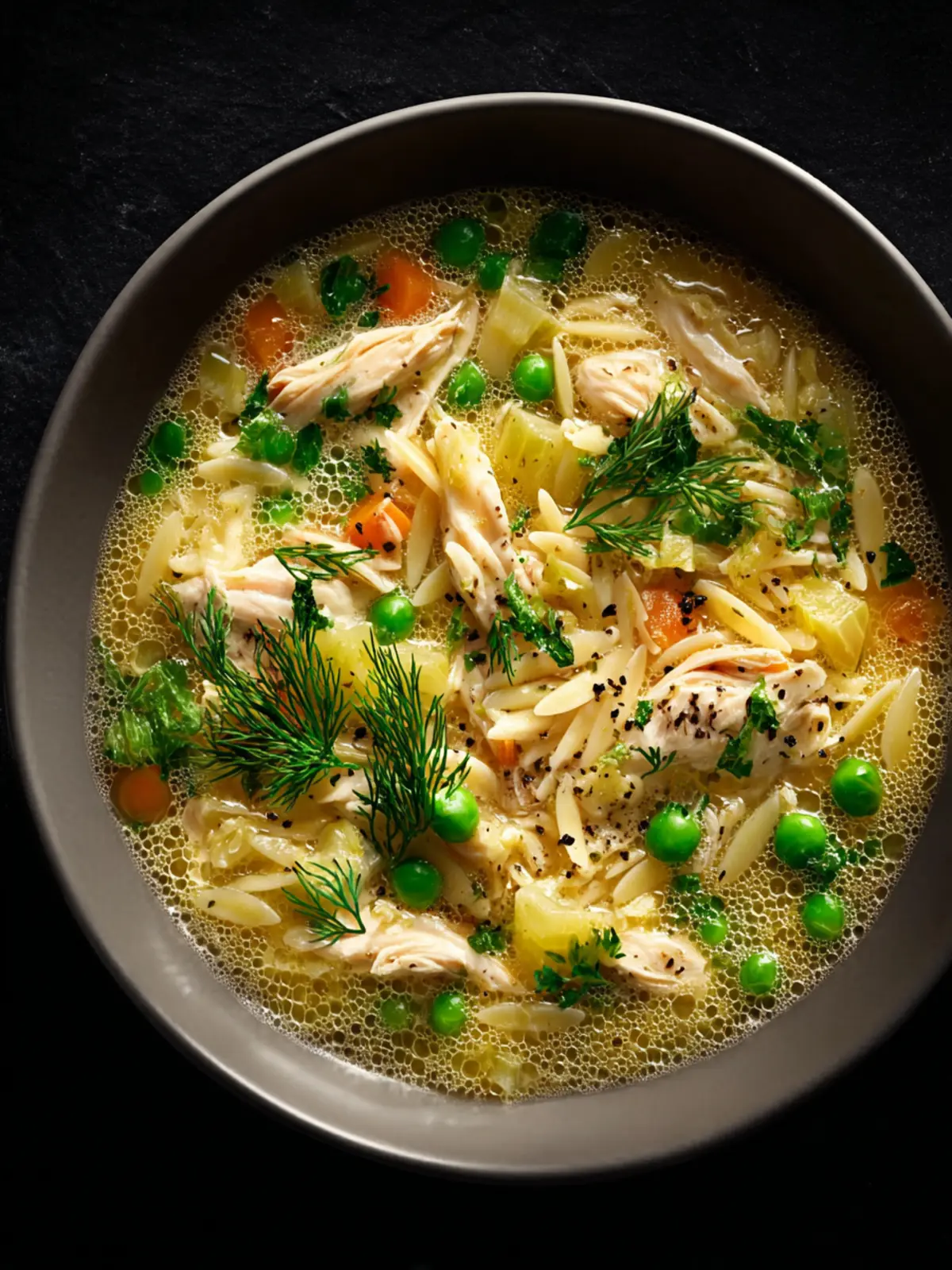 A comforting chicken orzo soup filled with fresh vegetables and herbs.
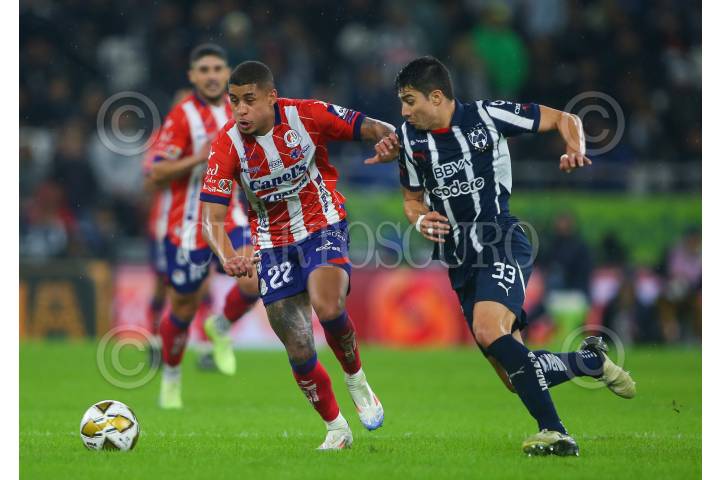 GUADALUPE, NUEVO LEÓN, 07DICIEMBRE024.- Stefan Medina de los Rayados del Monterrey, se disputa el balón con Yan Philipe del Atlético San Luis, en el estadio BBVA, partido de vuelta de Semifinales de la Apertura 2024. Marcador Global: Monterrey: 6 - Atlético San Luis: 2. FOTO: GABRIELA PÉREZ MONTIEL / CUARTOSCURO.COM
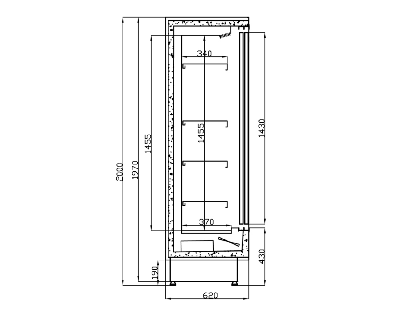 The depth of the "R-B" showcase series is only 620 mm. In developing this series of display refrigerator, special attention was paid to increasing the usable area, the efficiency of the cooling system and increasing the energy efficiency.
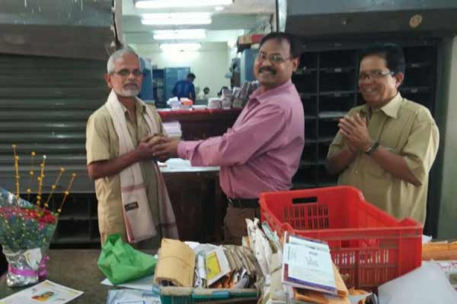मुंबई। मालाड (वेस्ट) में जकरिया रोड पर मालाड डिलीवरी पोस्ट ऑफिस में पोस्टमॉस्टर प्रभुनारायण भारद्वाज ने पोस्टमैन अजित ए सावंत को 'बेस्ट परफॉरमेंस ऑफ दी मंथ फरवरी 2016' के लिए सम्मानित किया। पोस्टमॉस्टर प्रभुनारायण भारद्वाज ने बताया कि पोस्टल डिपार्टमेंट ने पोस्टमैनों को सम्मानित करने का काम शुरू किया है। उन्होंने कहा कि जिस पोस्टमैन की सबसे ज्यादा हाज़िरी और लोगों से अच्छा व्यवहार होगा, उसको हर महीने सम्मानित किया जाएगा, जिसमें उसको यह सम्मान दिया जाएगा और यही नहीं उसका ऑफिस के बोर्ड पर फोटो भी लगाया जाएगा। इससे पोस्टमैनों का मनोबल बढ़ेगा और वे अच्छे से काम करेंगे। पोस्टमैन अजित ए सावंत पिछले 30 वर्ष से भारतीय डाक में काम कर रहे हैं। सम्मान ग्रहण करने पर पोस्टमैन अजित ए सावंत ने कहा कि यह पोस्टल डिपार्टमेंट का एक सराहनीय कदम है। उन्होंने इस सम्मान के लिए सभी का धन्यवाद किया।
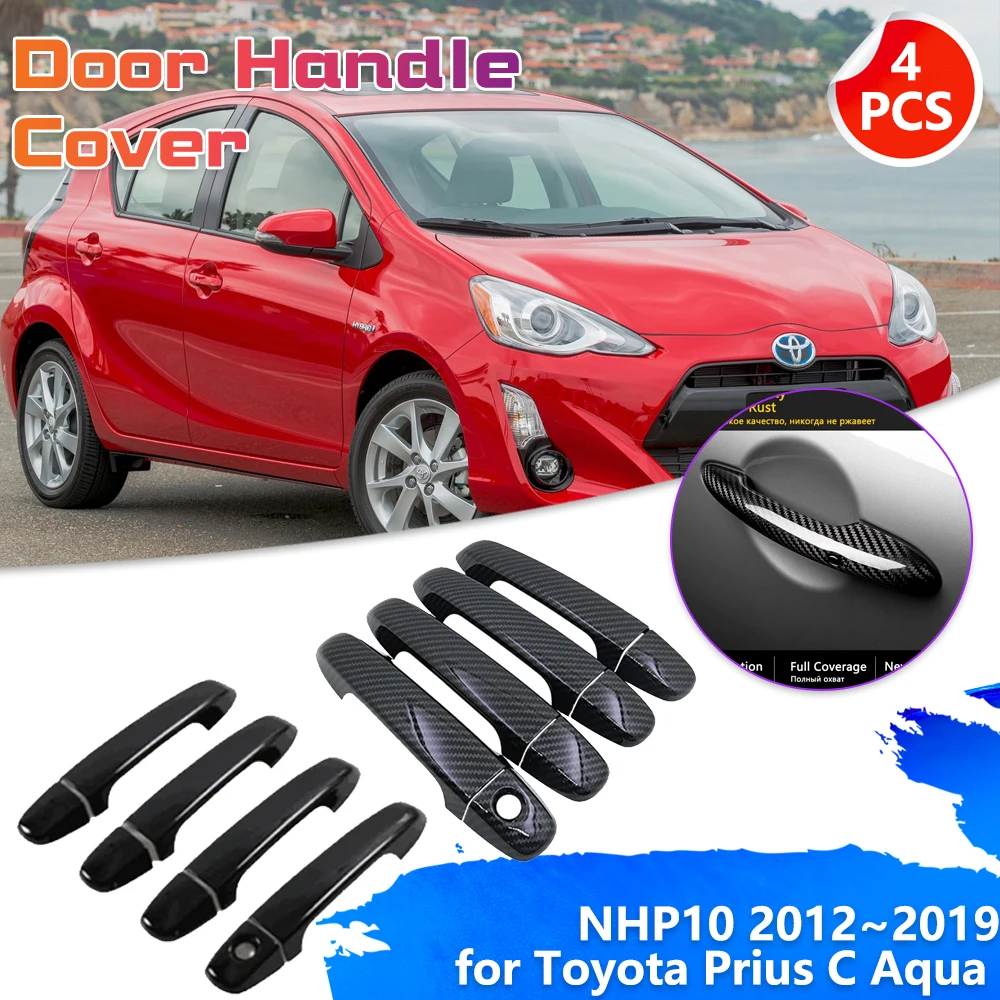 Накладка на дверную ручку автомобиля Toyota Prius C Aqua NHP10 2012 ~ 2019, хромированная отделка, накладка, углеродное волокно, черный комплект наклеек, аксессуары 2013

PROBLEM TO SOLVE: Set down the records above word for word, from the first line through the line containing "The depth of", both included; leave out the pictures.

SOLUTION:
 A comforting chicken orzo soup filled with fresh vegetables and herbs.
 GUADALUPE, NUEVO LEÓN, 07DICIEMBRE024.- Stefan Medina de los Rayados del Monterrey, se disputa el balón con Yan Philipe del Atlético San Luis, en el estadio BBVA, partido de vuelta de Semifinales de la Apertura 2024. Marcador Global: Monterrey: 6 - Atlético San Luis: 2. FOTO: GABRIELA PÉREZ MONTIEL / CUARTOSCURO.COM
 The depth of the "R-B" showcase series is only 620 mm. In developing this series of display refrigerator, special attention was paid to increasing the usable area, the efficiency of the cooling system and increasing the energy efficiency.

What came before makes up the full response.